Work item>
What are the lines, word for word, from the line with "Splatter | ||" up to and including the line with "- 4. DOUBLE-SIDED" in the records below? Omit the pictures.

Input records>

------------

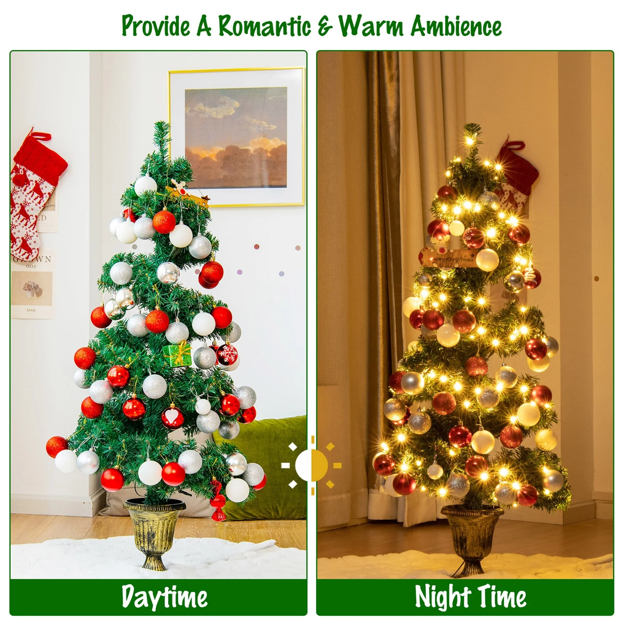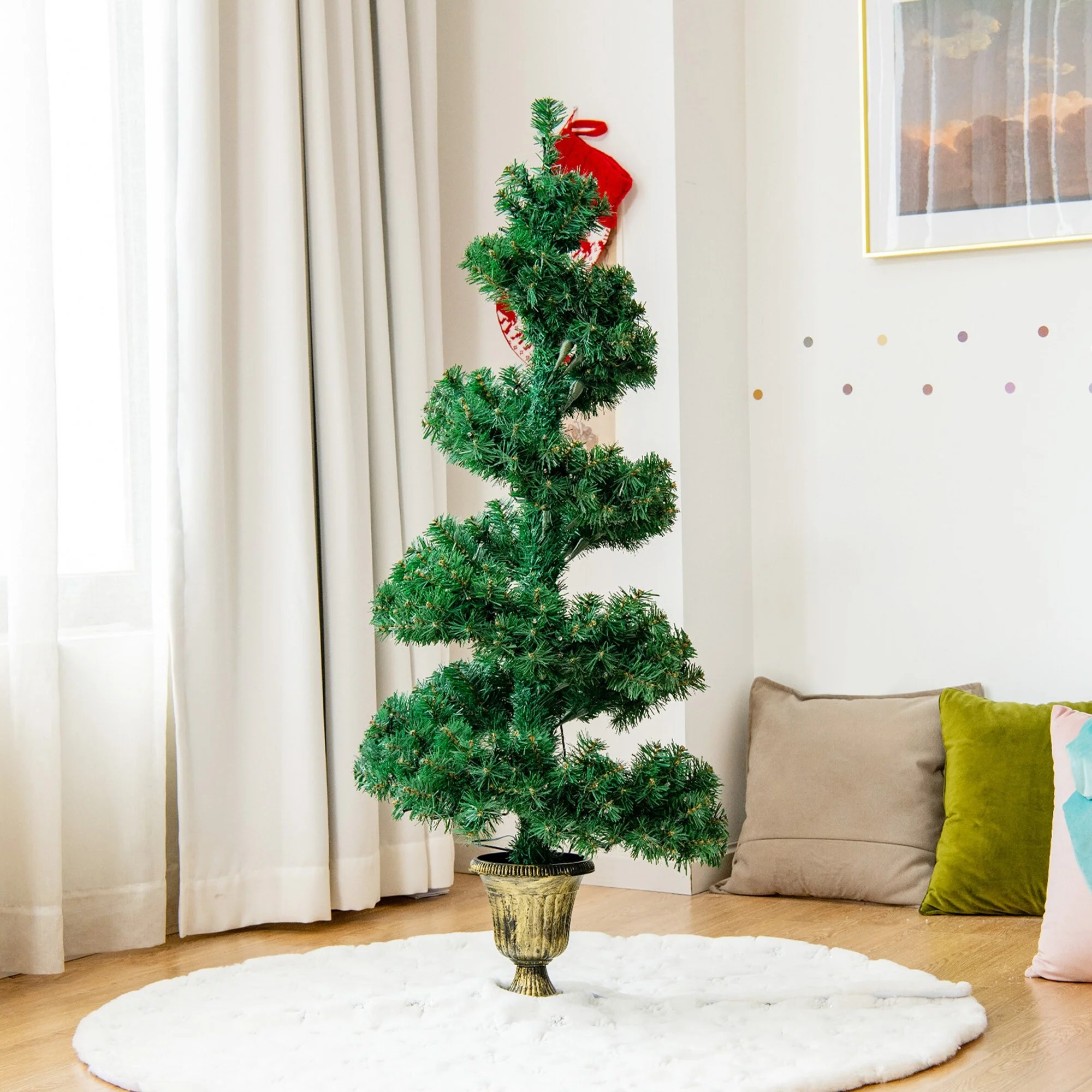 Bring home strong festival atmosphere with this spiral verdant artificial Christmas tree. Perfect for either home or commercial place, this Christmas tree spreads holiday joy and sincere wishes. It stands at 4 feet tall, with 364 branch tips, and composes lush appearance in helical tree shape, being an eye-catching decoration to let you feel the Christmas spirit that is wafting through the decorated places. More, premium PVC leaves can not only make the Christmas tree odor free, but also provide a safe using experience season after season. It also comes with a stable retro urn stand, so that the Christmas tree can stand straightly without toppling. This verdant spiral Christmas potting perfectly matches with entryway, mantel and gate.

------------

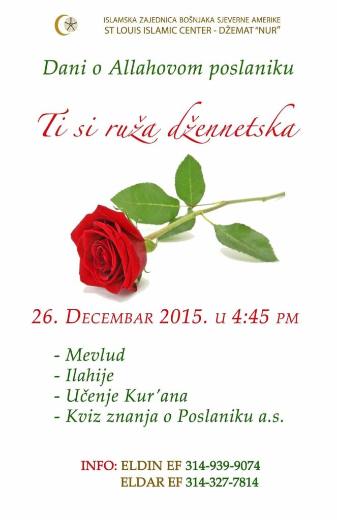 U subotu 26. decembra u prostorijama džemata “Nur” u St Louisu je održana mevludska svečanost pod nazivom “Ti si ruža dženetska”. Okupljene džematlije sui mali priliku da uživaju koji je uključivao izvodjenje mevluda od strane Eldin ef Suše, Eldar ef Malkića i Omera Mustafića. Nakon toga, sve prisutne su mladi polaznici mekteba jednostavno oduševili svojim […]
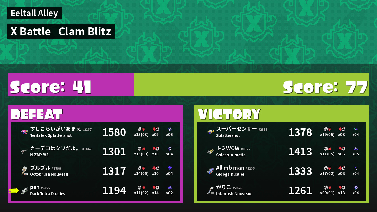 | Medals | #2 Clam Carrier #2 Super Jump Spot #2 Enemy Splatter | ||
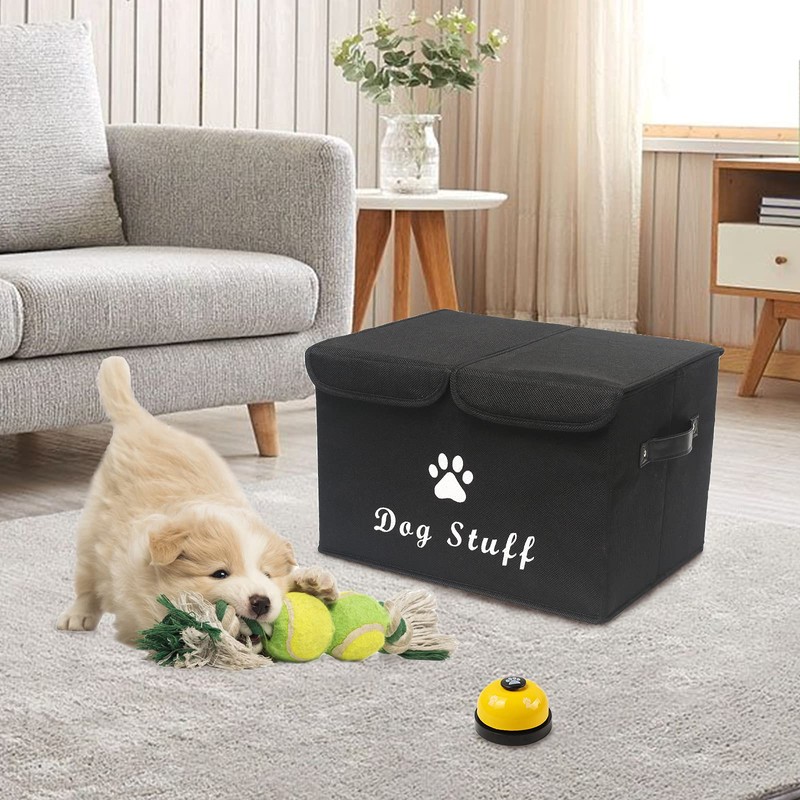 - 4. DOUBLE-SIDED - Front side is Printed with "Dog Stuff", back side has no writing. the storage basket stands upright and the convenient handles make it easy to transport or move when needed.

------------

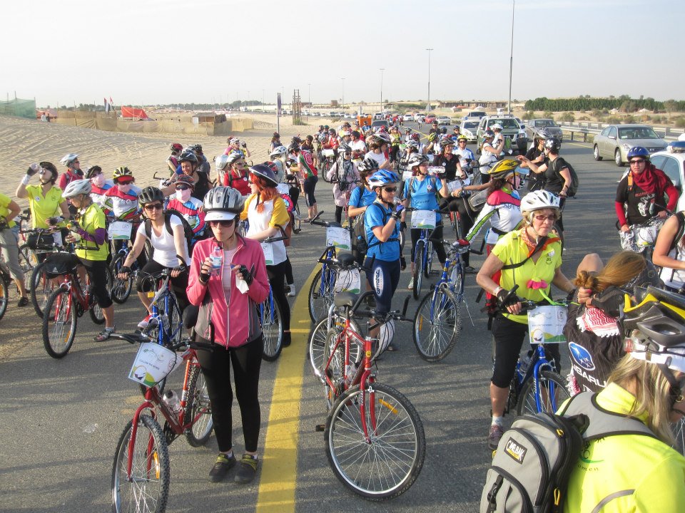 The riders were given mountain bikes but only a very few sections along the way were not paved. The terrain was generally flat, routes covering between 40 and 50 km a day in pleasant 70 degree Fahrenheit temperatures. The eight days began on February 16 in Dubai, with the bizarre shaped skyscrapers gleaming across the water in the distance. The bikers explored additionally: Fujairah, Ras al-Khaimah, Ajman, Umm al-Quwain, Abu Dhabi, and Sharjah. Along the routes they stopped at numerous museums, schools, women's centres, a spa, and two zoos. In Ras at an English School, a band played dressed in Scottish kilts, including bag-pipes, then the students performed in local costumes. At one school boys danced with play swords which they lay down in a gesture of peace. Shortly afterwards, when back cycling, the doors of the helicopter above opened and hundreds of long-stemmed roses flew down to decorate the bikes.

------------

Output>
 | Medals | #2 Clam Carrier #2 Super Jump Spot #2 Enemy Splatter | ||
 - 4. DOUBLE-SIDED - Front side is Printed with "Dog Stuff", back side has no writing. the storage basket stands upright and the convenient handles make it easy to transport or move when needed.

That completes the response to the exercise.